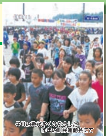
子供の数が多くなりました。昨年の町民運動会にて
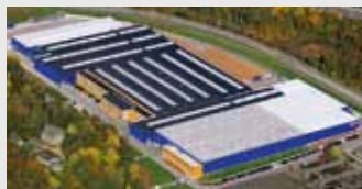
Hörmann KG Eckelhausen, Германия
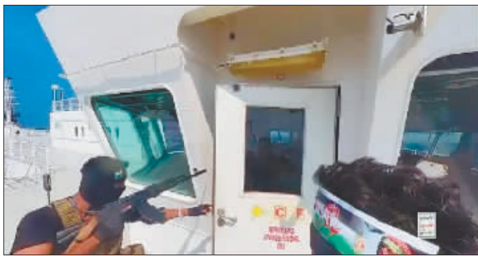
也门胡塞武装公布的扣押船只画面。

数据，被扣留的“银河领袖”号货船从土耳其启程，前往印度比巴瓦沃，在沙特阿拉伯港口城市吉达附近红海水域航行“超过一天”。英国海上贸易行动办公室说，扣船地点距离也门荷台达港大约150公里，靠近东非国家厄立特里亚。
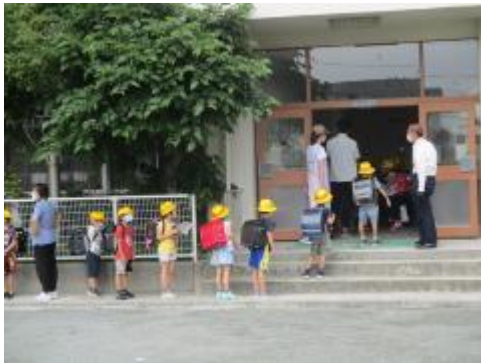
1年生は上履きの履き替えに手間取っていたようでした。

今日から、各学級2グループに分かれて毎日登校という形での分散登校になり、みんな元気に登校してきました。前半のAグループの登校時刻は9時40分から45分、後半のBグループの登校時刻は12時35分から40分。今日は、初めてということもあり大分早く来てしまった子供もいました。登校時刻にうまく到着するようにご協力をお願いします。また、学校での授業は2時間しかありません。引き続き、家庭学習との両輪で学習を進めていきます。ご理解とご協力をお願いいたします。
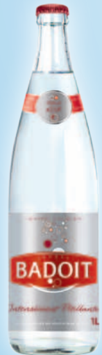
BADOIT ROUGE (50cl, 1l - VC)
■ ■ ■ ■ ■ ■ ■
# [Problem]
Copy each entry exactly, with no pictures.

# [Worked solution]
子供の数が多くなりました。昨年の町民運動会にて
Hörmann KG Eckelhausen, Германия
也门胡塞武装公布的扣押船只画面。

数据，被扣留的“银河领袖”号货船从土耳其启程，前往印度比巴瓦沃，在沙特阿拉伯港口城市吉达附近红海水域航行“超过一天”。英国海上贸易行动办公室说，扣船地点距离也门荷台达港大约150公里，靠近东非国家厄立特里亚。
1年生は上履きの履き替えに手間取っていたようでした。

今日から、各学級2グループに分かれて毎日登校という形での分散登校になり、みんな元気に登校してきました。前半のAグループの登校時刻は9時40分から45分、後半のBグループの登校時刻は12時35分から40分。今日は、初めてということもあり大分早く来てしまった子供もいました。登校時刻にうまく到着するようにご協力をお願いします。また、学校での授業は2時間しかありません。引き続き、家庭学習との両輪で学習を進めていきます。ご理解とご協力をお願いいたします。
BADOIT ROUGE (50cl, 1l - VC)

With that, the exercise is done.